* [Work task] Every line of the data should be written out exactly, with the pictures left out.

═══ Collected data

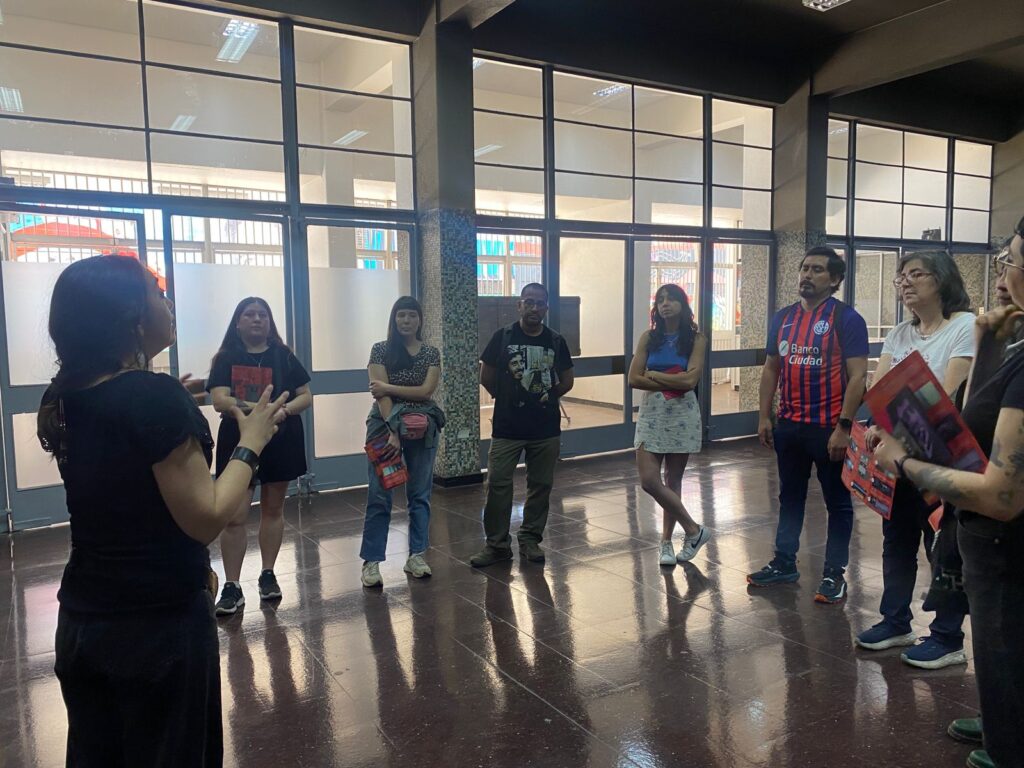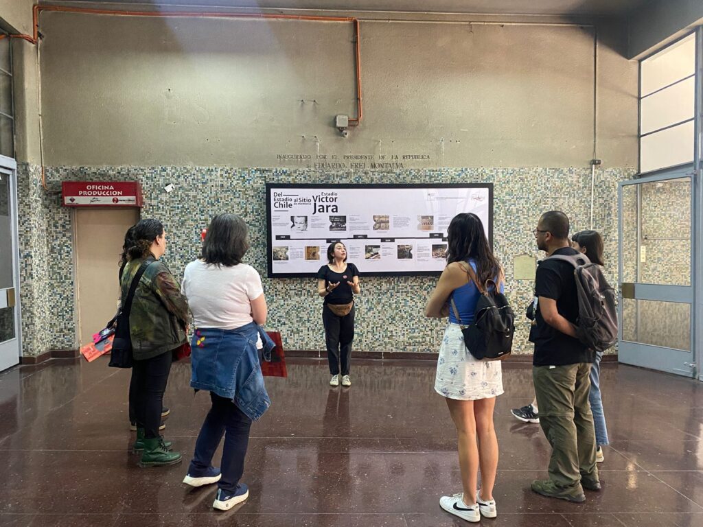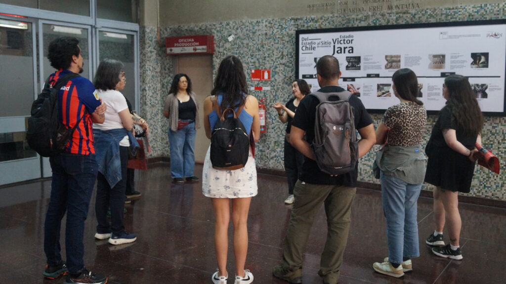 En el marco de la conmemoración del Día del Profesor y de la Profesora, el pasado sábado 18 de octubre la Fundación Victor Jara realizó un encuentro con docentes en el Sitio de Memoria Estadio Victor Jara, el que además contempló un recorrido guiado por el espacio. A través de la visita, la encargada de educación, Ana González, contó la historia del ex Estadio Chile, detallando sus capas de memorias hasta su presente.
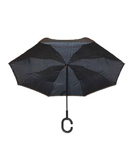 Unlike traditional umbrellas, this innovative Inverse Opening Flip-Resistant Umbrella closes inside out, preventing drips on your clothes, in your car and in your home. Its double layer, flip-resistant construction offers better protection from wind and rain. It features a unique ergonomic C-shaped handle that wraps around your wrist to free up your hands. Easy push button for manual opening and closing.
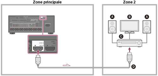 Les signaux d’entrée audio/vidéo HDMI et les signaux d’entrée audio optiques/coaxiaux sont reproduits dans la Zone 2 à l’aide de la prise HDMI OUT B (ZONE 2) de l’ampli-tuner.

══════

* [Answer area]
 En el marco de la conmemoración del Día del Profesor y de la Profesora, el pasado sábado 18 de octubre la Fundación Victor Jara realizó un encuentro con docentes en el Sitio de Memoria Estadio Victor Jara, el que además contempló un recorrido guiado por el espacio. A través de la visita, la encargada de educación, Ana González, contó la historia del ex Estadio Chile, detallando sus capas de memorias hasta su presente.
 Unlike traditional umbrellas, this innovative Inverse Opening Flip-Resistant Umbrella closes inside out, preventing drips on your clothes, in your car and in your home. Its double layer, flip-resistant construction offers better protection from wind and rain. It features a unique ergonomic C-shaped handle that wraps around your wrist to free up your hands. Easy push button for manual opening and closing.
 Les signaux d’entrée audio/vidéo HDMI et les signaux d’entrée audio optiques/coaxiaux sont reproduits dans la Zone 2 à l’aide de la prise HDMI OUT B (ZONE 2) de l’ampli-tuner.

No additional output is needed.